You no longer need to instruct it every step of the way. You just need to tell it what kind of result you want.

In this article, I'll guide you through using the objects interface, this new feature that makes your data visualization process more effortless, flexible, and enjoyable. Let's get started!

Seaborn API: Then and Now

Before diving into the objects interface API, let's systematically look at the differences between the Seaborn API of earlier versions and the 0.12 version.

The original API

Many readers might have been intimidated by Matplotlib's complex API documentation when learning Python data visualization.

Seaborn simplifies this by wrapping and streamlining Matplotlib's API, making the learning curve gentler.

Seaborn doesn't just offer high-level encapsulation of Matplotlib; it also categorizes all charts into relational, distributional, and categorical scenarios.

Overview of Seaborn's original API design. Image by Author

You should comprehensively understand Seaborn's API through this diagram and know when to use which chart.

For example, a histplot representing data distribution would fall under the distribution chart category.

In contrast, a violinplot representing data features by category would be classified as a categorical chart.

Aside from vertical categorization, Seaborn also performs horizontal categorization: Figure-level and axes-level.

According to the official website, axes-level charts are drawn on matplotlib.pyplot.axes and can only draw one figure.

In contrast, Figure-level charts use Matplotlib's FacetGrid to draw multiple charts in one figure, facilitating easy comparison of similar data dimensions.

However, even though Seaborn's API significantly simplifies chart drawing through encapsulating Matplotlib, creating an individual-specific chart still requires complex configurations.

For example, if I use Seaborn's built-in penguins dataset to draw a histplot, the code is as follows:

sns.histplot(penguins, x="flipper_length_mm", hue="species");

The original way of drawing a histplot. Image by Author

And when I use the same dataset to draw a kdeplot, the code is as follows:

sns.kdeplot(penguins, x="flipper_length_mm", fill=True, hue="species");

The original way of drawing a kdeplot. Image by Author

Except for the chart API, the rest of the configurations are identical.

This is like telling the chef I want to use lamb chops and onions to make a lamb soup and specifying the cooking steps. When I want to use these ingredients to make a roasted lamb chop, I have to tell the chef about the ingredients and the cooking steps all over again.

Not only is it inefficient, but it also needs more flexibility.

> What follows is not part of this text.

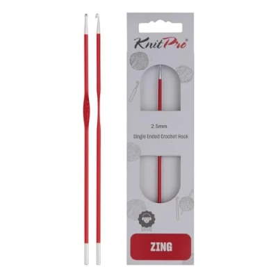 Thickness: 2.50 mm These KnitPro Zing crochet hooks are made of lightweight metal The needles sit comfortably in the hand thanks to the cut-out in the shaft and the smooth surface

That's why Seaborn introduced the objects interface API in its 0.12 version. This declarative graphic syntax dramatically improves the process of creating a chart.

The objects Interface API

Before we start with the objects interface API, let's take a high-level look at it to better understand the drawing process.

Unlike the original Seaborn API, which organizes the drawing API by classification, the objects interface API collects the API by a drawing pipeline.

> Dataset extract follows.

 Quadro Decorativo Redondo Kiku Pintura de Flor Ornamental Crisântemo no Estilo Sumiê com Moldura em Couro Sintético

The objects interface API divides the drawing into multiple stages, such as data binding, layout, presentation, customization, etc.

Overview of Seaborn's objects interface API design. Image by Author

The data binding and presentation stages are necessary, while other stages are optional.

Also, since the stages are independent, each stage can be reused. Following the previous example of the hist and kde plots:

To use the objects interface to draw, we first need to bind the data:

p = so.Plot(penguins, x="flipper_length_mm", color="species")

From this line of code, we can see that the objects interface uses the so.Plot class for data binding.

Also, compared to the original API that uses the incomprehensible hue parameter, it uses the color parameter to bind the species dimension directly to the chart color, making the configuration more intuitive.

Finally, this line of code returns a p instance that can be reused to draw a chart.

Next, let's draw a histplot:

p.add(so.Bars(), so.Hist())

Use objects interface API to draw a histplot. Image by Author

This line of code shows that the drawing stage does not need to rebind the data. We just need to tell the add method what to draw: so.Bars(), and how to calculate it: so.Hist().

The add method also returns a copy of the Plot instance, so any adjustments in the add method will not affect the original data binding. The p instance can still be reused.

Therefore, we continue to call the p.add() method to draw a kdeplot:

p.add(so.Area(), so.KDE())

Use objects interface API to draw a kdeplot. Image by Author

Since KDE is a way of statistic, so.KDE() is called on the stat parameter here. And since the kdeplot itself is an area plot, so.Area() is used for drawing.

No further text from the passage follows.